More failure has been caused by indecision than by making poor decisions – Winston Churchill
I’m not talking about lifetime commitments here. At fifteen I don’t think anyone was expecting us to commit to being in a relationship forever. I’m talking about the fact that we were incapable of making the simplest of decisions together.
“Wanna go to the movies?”
“Maybe, what do you want to see?”
“I don’t know, what do you want to see?”
“Oh whatever you want to see is fine, you decide.”
“No, you decide.”
“We could stay in and watch something on TV.”
“What do you want to watch?”
“I’m not sure, maybe we could… XYZ.”
You get the picture.
After about 6 weeks of that we both got so frustrated with each other that we broke-up.
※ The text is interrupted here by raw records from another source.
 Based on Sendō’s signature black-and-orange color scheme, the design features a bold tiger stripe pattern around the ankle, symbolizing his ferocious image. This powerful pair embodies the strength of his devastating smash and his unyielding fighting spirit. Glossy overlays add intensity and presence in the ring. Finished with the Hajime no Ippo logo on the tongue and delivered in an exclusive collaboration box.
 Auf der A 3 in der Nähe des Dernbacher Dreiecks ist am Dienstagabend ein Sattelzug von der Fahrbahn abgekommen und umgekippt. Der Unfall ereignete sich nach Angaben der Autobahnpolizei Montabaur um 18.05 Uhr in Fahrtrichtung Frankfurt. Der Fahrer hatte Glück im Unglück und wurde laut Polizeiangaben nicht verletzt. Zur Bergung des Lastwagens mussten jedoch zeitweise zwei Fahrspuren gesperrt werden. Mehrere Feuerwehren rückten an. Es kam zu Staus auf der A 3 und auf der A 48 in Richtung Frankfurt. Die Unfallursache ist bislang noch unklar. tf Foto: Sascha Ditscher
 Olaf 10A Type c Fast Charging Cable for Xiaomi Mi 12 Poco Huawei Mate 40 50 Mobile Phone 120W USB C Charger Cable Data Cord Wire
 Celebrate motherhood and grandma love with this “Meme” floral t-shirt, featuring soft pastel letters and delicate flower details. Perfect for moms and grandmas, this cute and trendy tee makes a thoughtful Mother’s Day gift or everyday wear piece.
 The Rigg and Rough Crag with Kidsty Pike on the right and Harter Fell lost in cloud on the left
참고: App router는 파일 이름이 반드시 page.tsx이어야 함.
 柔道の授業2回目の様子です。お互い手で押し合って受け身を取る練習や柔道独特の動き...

To be honest though you can hardly say that we ever dated at all because we could never decide what to do, we just ended up having conversations like this on the phone, hanging out a school and doing the same things we would have done alone or with somebody else anyway.
In this case I think we were both so nervous being around each other that we could hardly move but decision fatigue is a real thing. From the moment we get up in the morning to the time we finally fall into bed at the end of the day we are constantly making decisions. Sooner or later you’re going to run out of steam.
It happens to the best of us. Eventually the daily grind of constant decision making gets to be too much and you shut down. The inability to make a decision eventually becomes its own decision however and failure, as Winston Church observed, is often the end result.
I recently came across a helpful thought experiment you can use the next time you’re faced with a big decision and a bit of fatigue or apprehension about making it. Ask yourself:
“Six months from now am I more likely to say I wish I hadn’t or I’m glad I did?”
If you can visualize how you’re going to feel either way you know the course of action to take and the decision has been made.